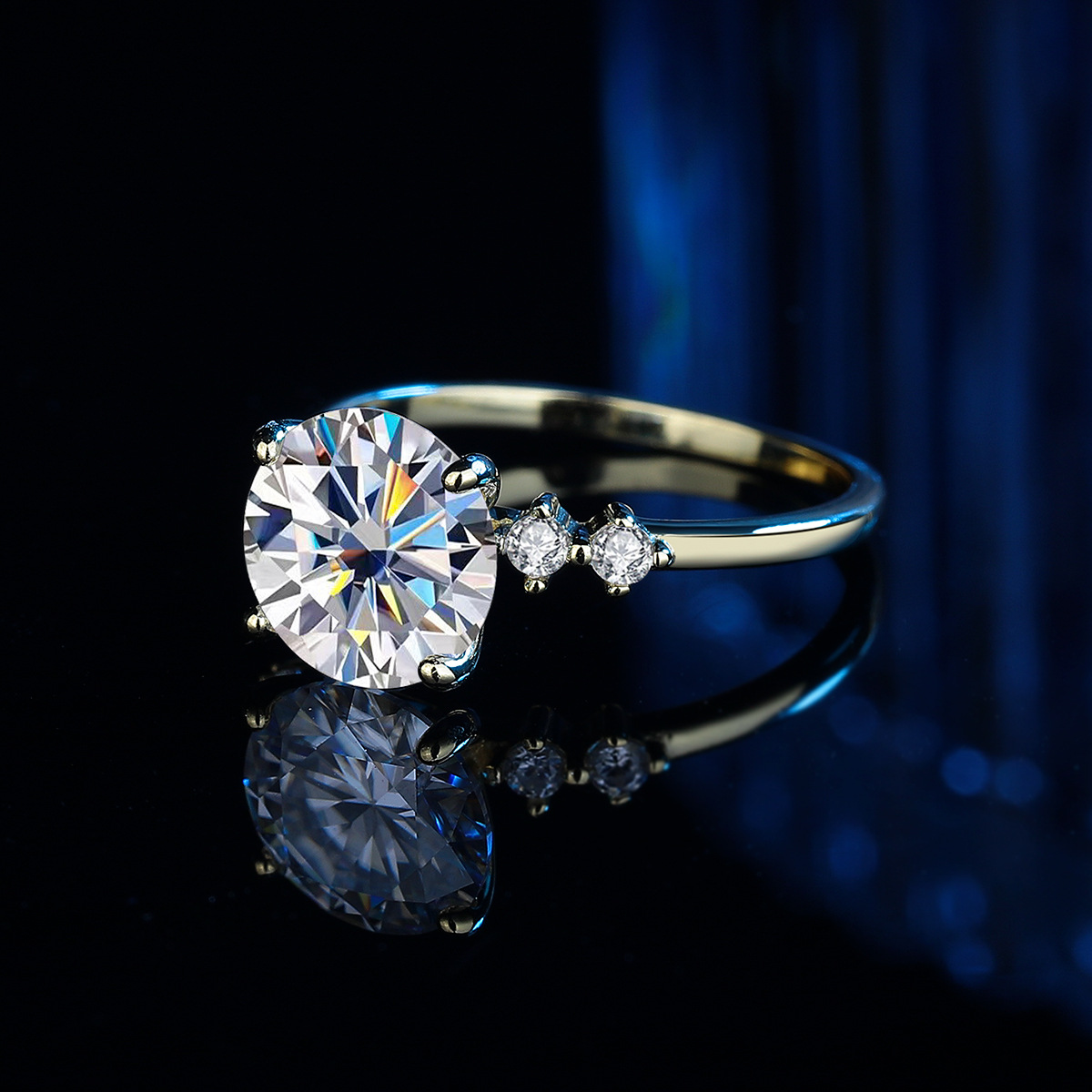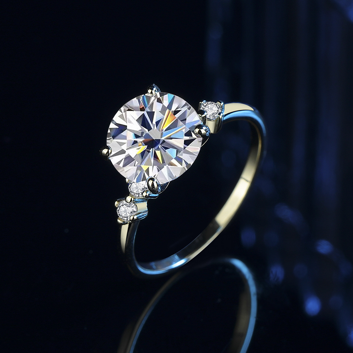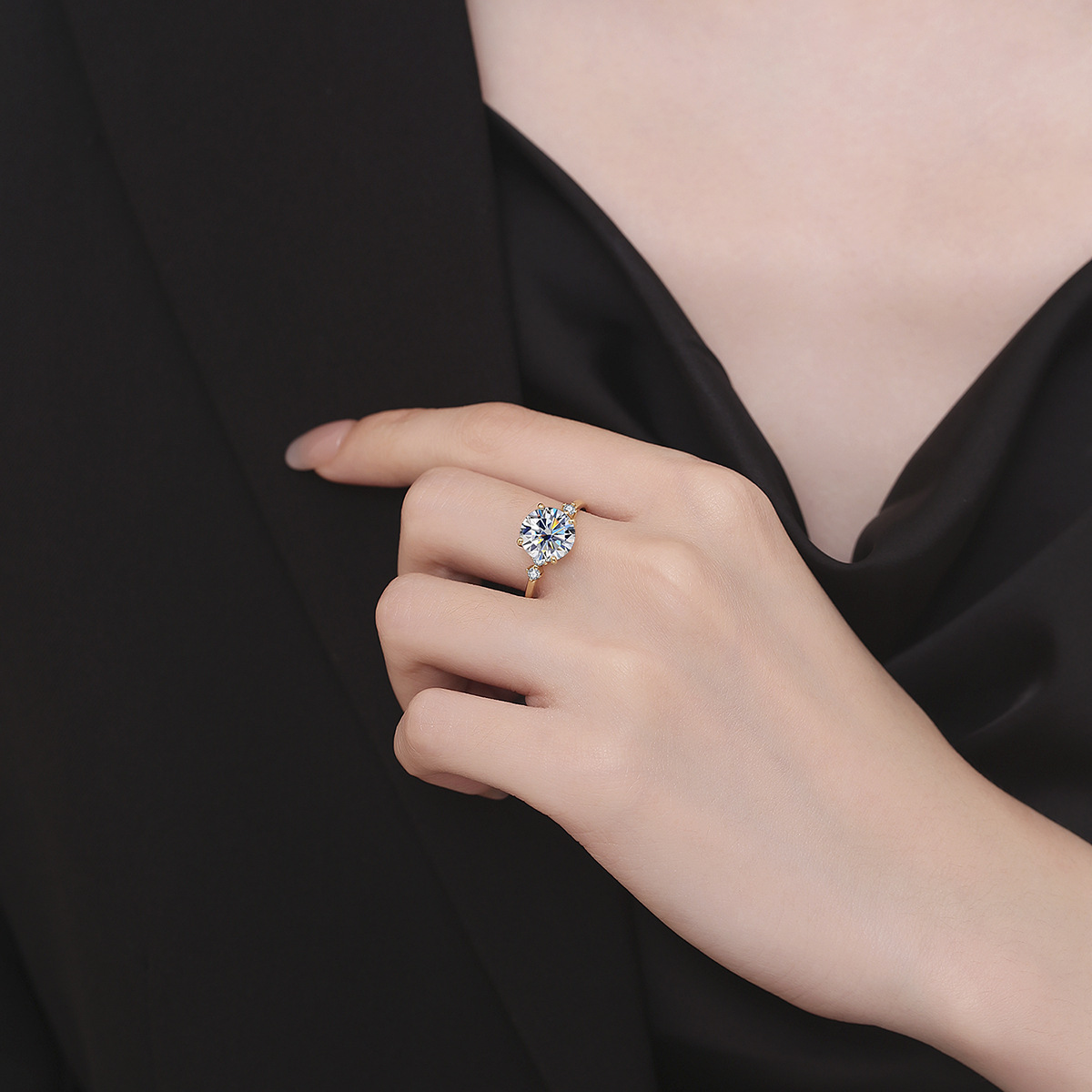 Трансграничная внешняя торговля новый продукт s925 стерлингового серебра Мозамбик каменное кольцо женское чувство высокого класса Европа и США 18K желтый 3 карат бриллиантовое кольцо оптом
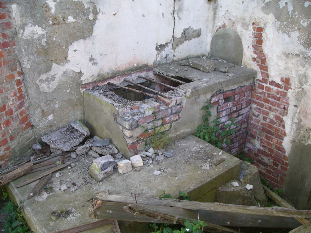 This is an airlock giving access to the fan compartment but not the shaft. Some moron has spent time and effort smashing through the concrete roof to get inside purely for the sake of it as access is available via another route. Several notices I have put up point out that these buildings are all Listed and undergoing conservation and damage to them is against the Law.
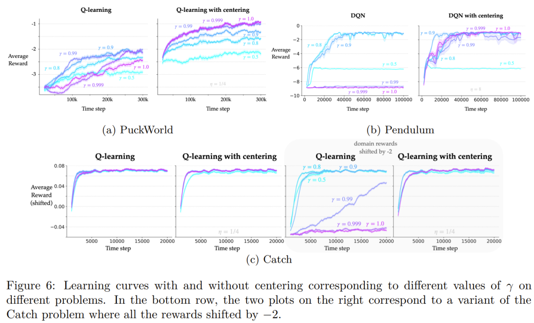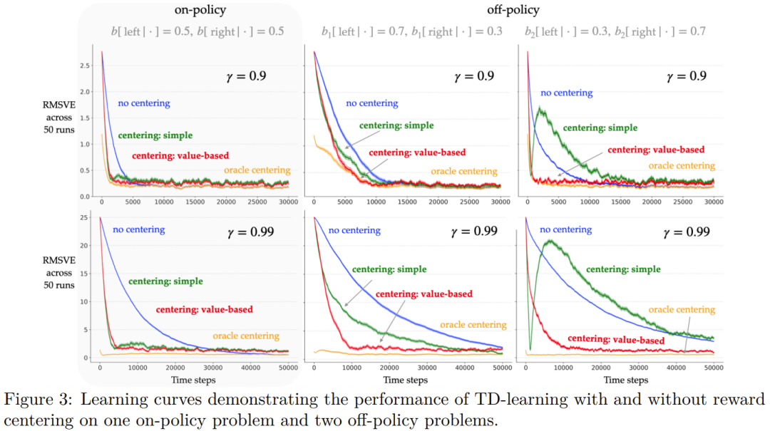 如图 3 所示,当奖励由一个 oracle 进行聚中处理时,学习曲线的起点会低得多。对于其它算法,第一个误差都在 r(π)/(1 − γ) 量级。 无聚中的 TD 学习(蓝色)最终达到了与 oracle 聚中算法(橙色)相同的误差率,这符合预期。 简单聚中方法(绿色)确实有助于更快地降低 RMSVE,但其最终误差率会稍微高一点。这也符合预期,因为平均奖励估计会随时间而变化,导致与非聚中或 oracle 聚中版本相比,更新的变数更大。当 γ 更大时也有类似的趋势。这些实验表明,简单的奖励聚中技术在在策略设置中非常有效,并且对于较大的折扣因子,效果更为明显。 在学习率和渐近误差方面,基于价值的奖励聚中(红色)在在策略问题上与简单聚中差不多。但在离策略问题上,基于价值的聚中能以更快的速度得到更低的 RMSVE,同时最终误差率也差不多。 总体而言,可以观察到奖励聚中可以提高折现奖励预测算法(如 TD 学习)的学习率,尤其是对于较大的折扣因子。虽然简单奖励聚中方法已经相当有效,但基于价值的奖励聚中更适合一般的离策略问题。 此外,该团队还研究了奖励聚中对 Q 学习的影响。具体的理论描述和实验过程请访问原论文。
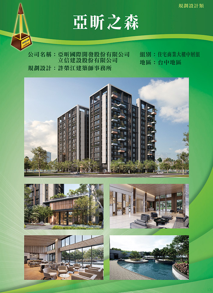 | 住宅商業大樓中層組 | 亞昕之森 | 亞昕國際開發股份有限公司 立信建設股份有限公司 |
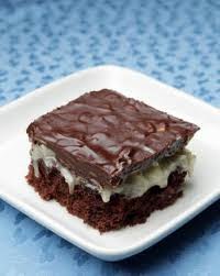 In another saucepan, boil sugar, milk&butter. Remove from heat, add chips until smooth. Add nuts. Pour over cake. Cool at room temperature. Chill overnight.
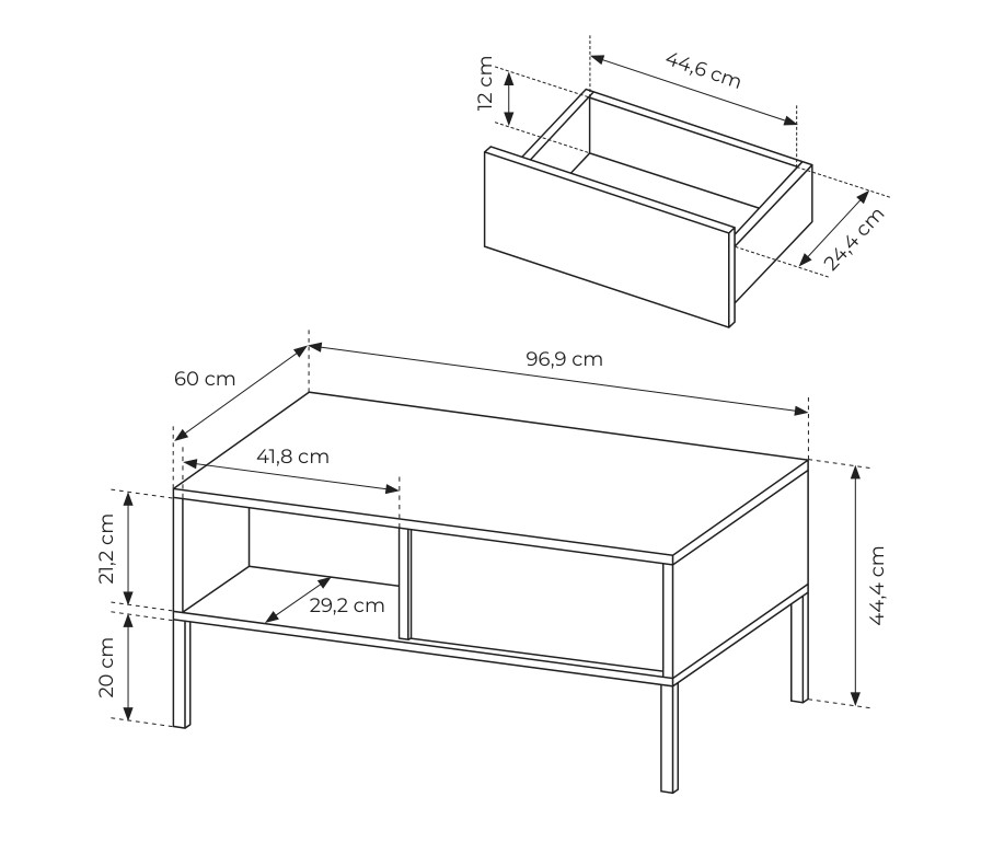 Стіл Tetra light Double чорний метал/чорний ДСП (текстура)
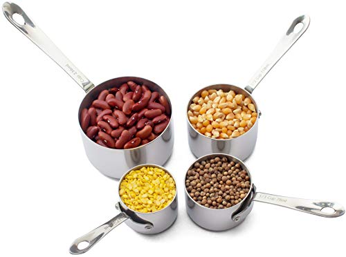 - Asas de medición irrompibles, experimenta lo que usan los profesionales: no comprometimos la belleza con la calidad. Ya sea el acero inoxidable de calibre 18/8 liso y brillante o la utilidad de sus fondos planos y sin vuelco y anidación compacta, este juego de utensilios de cocina con asas remachadas durará toda una vida. ¡Definitivamente puedes pasar estos a tus nietos!
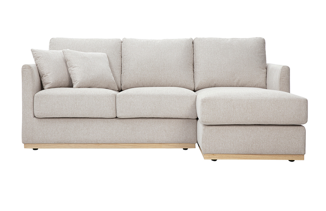 Canapé d'angle beige 3 places livré prêt à monter.
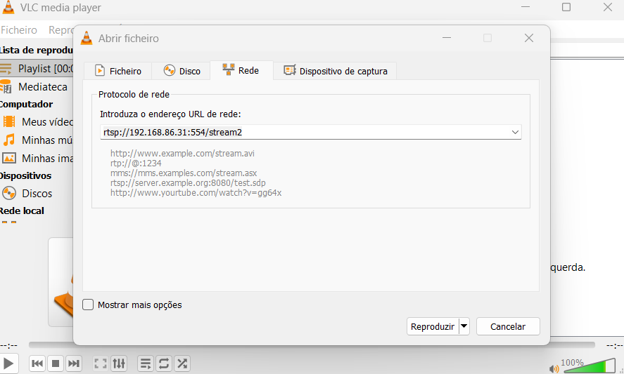 Agora, vamos testar o stream remoto. Existem dezenas de programas capazes de mostrar vídeo via RTSP, mas escolhemos o VLC por estar disponível gratuitamente para Windows, macOS e Linux. Com o programa aberto, use a combinação de teclas ‘Ctrl + N’ e escreva o endereço IP que viu no passo anterior, desta forma: rtsp://192.168.86.31:554/stream2 (ou seja, junte ‘rtsp://’ no princípio e ‘:554/stream2’ no final). Nesta parte também pode usar ‘stream1’ (que oferece a melhor qualidade) ou ‘stream3’ (que tem menos). O stream2 tem uma qualidade intermédia. Clique em ‘Reproduzir’ e faça o login com os dados que definiu no passo anterior; assim que o fizer, começa a ver a transmissão da câmara.
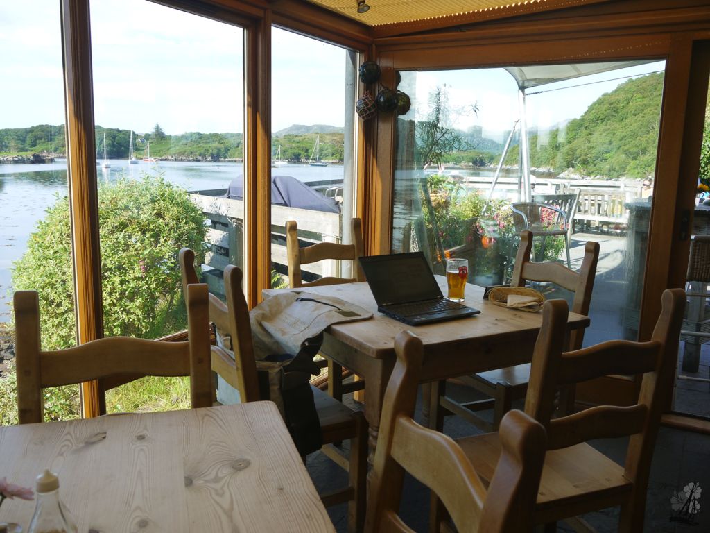Gestern Abend bin ich mit dem Dingi rüber zum Restaurant Badachro gefahren. Vension Burger und ein Pint Bier, auf der Sonnenterasse mit Blick über die Ankerbucht. Erste Klasse. Im Vergleich zu Norwegen ist das wie im Schlaraffenland hier, obwohl England wohl nicht zu kulinarischen, sonnenverwöhnten und billigen Zielen gehört. Aber ein gutes Bier für 4-5 Euro, ein handgemachter Burger mit lokalen Zutaten für 8 Euro, im Supermarkt frisches Gemüse und eine riesige Auswahl, das macht einfach Spass.
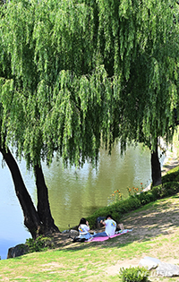 暑い一日となった2日の午後、京畿道水原市八達区の世界文化遺産「華城・訪花随柳亭」を訪れた市民が、木陰で一休みしている様子。
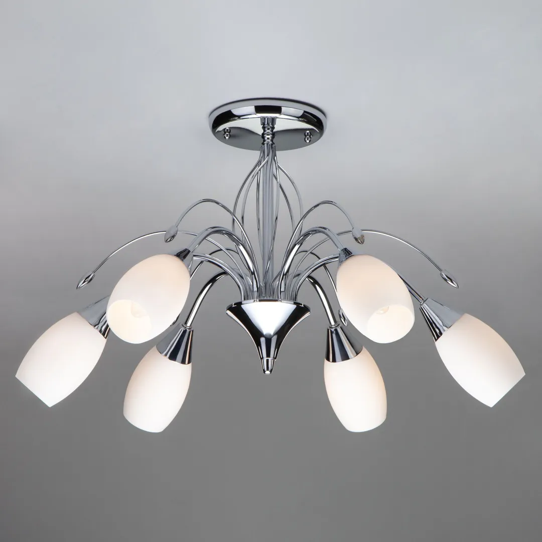 Организовать качественное освещение вам поможет современная потолочная люстра со стеклянными матовыми плафонами 22080/6 хром из коллекции Ginevra. Ее плавные линии и глянцевое хромированное покрытие создают ощущение легкости и современной роскоши. Люстра идеально подходит для тех, кто ценит стиль и функциональность.
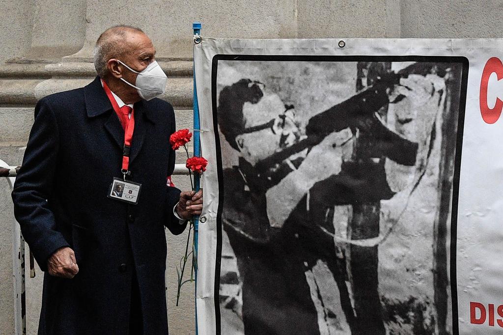 2022年9月11日,智利首都圣地亚哥,一名男子手执红色康乃馨纪念前总统阿连德遇难49周年。(新华社发,豪尔赫·比列加斯摄)
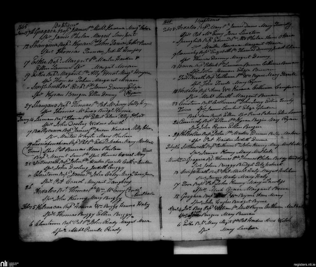 Conahy; County of Kilkenny; Diocese of Ossory. Baptisms, Jan. 1845 to Apr. 1845
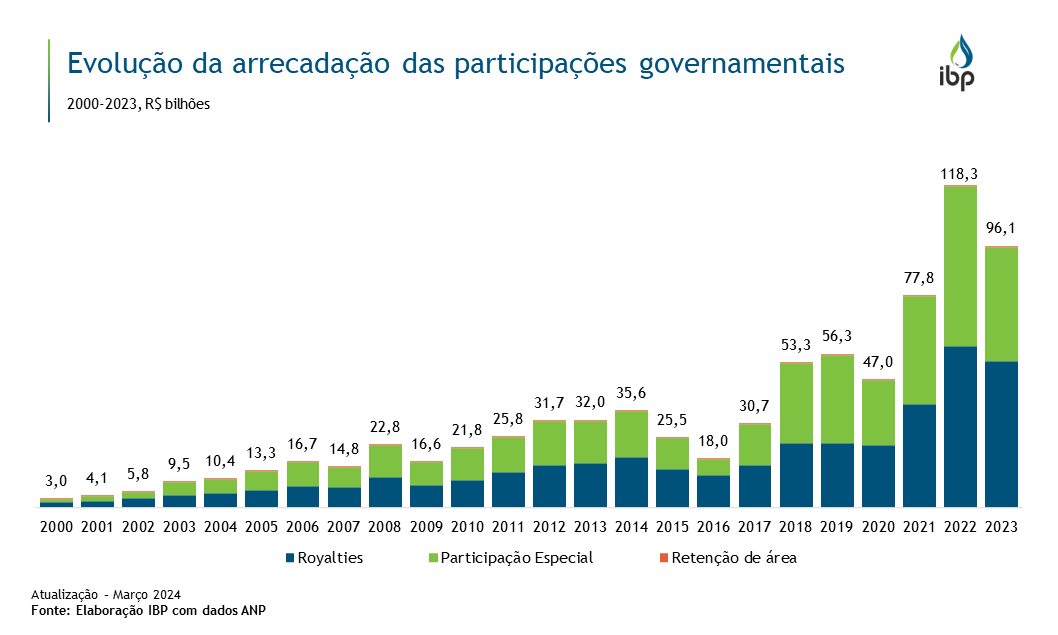 As participações governamentais – royalties, participações especiais e taxa de retenção de área – dependem do volume produzido de petróleo, preço do barril de petróleo, dentre outros fatores. A trajetória crescente da produção brasileira, sobretudo desde 2018, tem contribuído para elevar o patamar de arrecadação. Em 2022, as participações governamentais atingiram um recorde de R$118 bilhões, impulsionadas pela alta dos preços do petróleo após o início da guerra entre Rússia e Ucrânia e as consequentes sanções impostas por países ocidentais à Rússia, levando o petróleo a atingir máximas de US$ 130/barril.

· · · · ·

### Work instruction:
Copy only these lines from the records above, exactly: the one with "Стіл Tetra light", the one with "Agora, vamos testar", and those between. Skip the pictures.

### Response to this task:
 Стіл Tetra light Double чорний метал/чорний ДСП (текстура)
 - Asas de medición irrompibles, experimenta lo que usan los profesionales: no comprometimos la belleza con la calidad. Ya sea el acero inoxidable de calibre 18/8 liso y brillante o la utilidad de sus fondos planos y sin vuelco y anidación compacta, este juego de utensilios de cocina con asas remachadas durará toda una vida. ¡Definitivamente puedes pasar estos a tus nietos!
 Canapé d'angle beige 3 places livré prêt à monter.
 Agora, vamos testar o stream remoto. Existem dezenas de programas capazes de mostrar vídeo via RTSP, mas escolhemos o VLC por estar disponível gratuitamente para Windows, macOS e Linux. Com o programa aberto, use a combinação de teclas ‘Ctrl + N’ e escreva o endereço IP que viu no passo anterior, desta forma: rtsp://192.168.86.31:554/stream2 (ou seja, junte ‘rtsp://’ no princípio e ‘:554/stream2’ no final). Nesta parte também pode usar ‘stream1’ (que oferece a melhor qualidade) ou ‘stream3’ (que tem menos). O stream2 tem uma qualidade intermédia. Clique em ‘Reproduzir’ e faça o login com os dados que definiu no passo anterior; assim que o fizer, começa a ver a transmissão da câmara.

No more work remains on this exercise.